I look forward to continuing my conversations with you.

Pax,
Tom Neal

Saturday, August 13, 2011

Return. . .

I have not died, or gone into seclusion, or fled Des Moines or the Church! I have just been lost in a sea of learning the last month, blessed be God, though I am now steeling my psyche for return to regular work and kids’ new school year and the general panoply of life’s wondrous daily demands.

So, if this is good news to you, I am glad to say I will write again soon.

If it is bad news, be forewarned!

Saturday, July 23, 2011

O Man, Remember Who You Are

Remember?
I thought I would risk boring any readers that might exist out there with an extended reflection on a lecture I offered this week on ‘liturgical anamnesis’, which was itself inspired by the penetrating work of Jerome Hall.

It offered me an astounding variety of insights into the liturgy, memory and such.

I will post it in installments as I write up my lecture notes (which I spoke free form, so I need to write them out, now).

Just Do It
A preface: anamnesis, which means something like “remembrance”, is the Greek word used ((Luke 22:19, 1 Corinthians 11:24-25) to render Jesus’ extraordinary interpolation of the Passover liturgical texts at the Last Supper: “This is my body…this the cup of my blood…do this in remembrance (ἀνάμνησιν) of me.” I say ‘render’ since we assume Jesus’ original words were in Aramaic or Hebrew, and not in Greek.

Exploring the Corners of My Mind
So what is this ‘memory’ all about? I set on an exploration, with Hall as my thinking companion, that was more than a mere Biblical exegesis of a few texts.

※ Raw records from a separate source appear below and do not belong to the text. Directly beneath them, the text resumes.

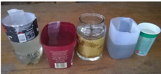
A. Container examples

Dark containers are most attractive to domestic, or urban, moszgies. If you don't have a dark container, you can place your container inside something darker, like a black plant pot bucket (see B, below).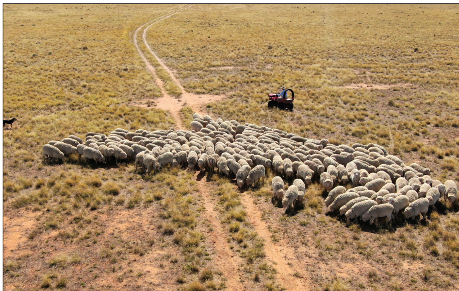
Bringing ram weaners home for shearing.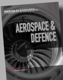
Aerospace & Defence

For further information on the full range of products we supply into our specialist markets, please contact your local Service Centre to request a copy of the brochures dedicated to those specific markets.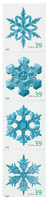
2006 Snowflake Stamps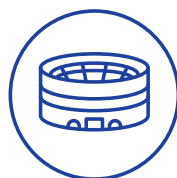
Stadiums and Amusement Parks

Vast amounts of ancient, medieval and modern ink have soaked into paper in service to exploring the question of memory, especially as it relates to growth in the Christian life. This is one of my favorite examples of such scholarship.

Ensouled Brains
Memory, in the human person, is a complex reality that reflects the complexity of our identity as embodied souls. The Christian tradition affirms that cognitive memory, like its sister faculties of intellect and will, is a spiritual (and so non-material) reality that reflects our being made in the divine image.

Setting aside the notoriously thorny problem of defining exactly what memory is, we can say here that cognitive memory is the unifying reservoir of all that we come to know. Memory synthesizes knowledge in a manner that constitutes our more-or-less unified sense of identity - who we are as individual persons. The awareness I have of being an I is rooted in memory's unifying power. Memory, therefore, is the ‘soul’ of personal identity. It is also the soul of our capacity to relate to others as a person, and so to love God, self and neighbor.

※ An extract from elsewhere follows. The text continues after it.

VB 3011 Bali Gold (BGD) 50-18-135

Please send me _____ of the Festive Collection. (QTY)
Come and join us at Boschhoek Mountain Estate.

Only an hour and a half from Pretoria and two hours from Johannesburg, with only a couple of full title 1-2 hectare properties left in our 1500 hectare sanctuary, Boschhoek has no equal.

One need only think of a victim of Alzheimer to realize how devastating to identity and relationships the loss of memory is.

Narrative Memory
I also argued that the essential structuring form of our memory is ‘the story’ – our memory is essentially organized in narrative form.

We think of who we are within the context of story-sequences that unite disparate facts into a coherent, meaningful narratives that invest those fragmented facts with intelligible meaning. Our essential identity is structured around the many ‘stories’ we have taken in, formed and re-formed; and, if we are more-or-less unified persons, we have a central master-narrative of ‘who we are’ by which we judge all other alternate narratives.

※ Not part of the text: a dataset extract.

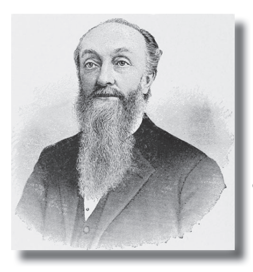
Charles Carrol Bonney, 1898. Bonney served as president of the 1893 World's Columbian Exposition in Chicago, Illinois. He also played an active role in organizing the Parliament of the World's Religions held in conjunction with the Exposition.

should focus on the "world of government, jurisprudence, finance, science, literature, education, and religion should be represented in a Congress," he wrote. The life of the mind and the heart needed to stand on equal—if not higher—footing than the industrial attainments of Western civilization.<sup>8</sup>

If you think of your self as a ‘center of narrative gravity,’ your existence depends on the persistence of that narrative.

Of Blessed Memory
Blessed John Paul II understood this well, and in his book Memory and Identity, he challenged Europe, as it rushes into an ever-increasingly secularized identity, to return to its authentic and unifying memory which was profoundly shaped by the Judeo-Christian narrative. Both he and Pope Benedict have vigorously argued that the power that secularization is exerting globally is gradually - or not so gradually – erasing the memory of nations and cultures and replacing those memories with a new narrative that is suffused with Capitalist tropes like consumerism, materialism, and the postmodern marketplace ethic that Papa B16 famously identified as the ‘dictatorship of relativism’. {Important to note, though, that Benedict has argued secularism need not be so corrosive.}

So memory as identity must be understood not just on the level of individuals, but also on the level of groups - families, communities, nations.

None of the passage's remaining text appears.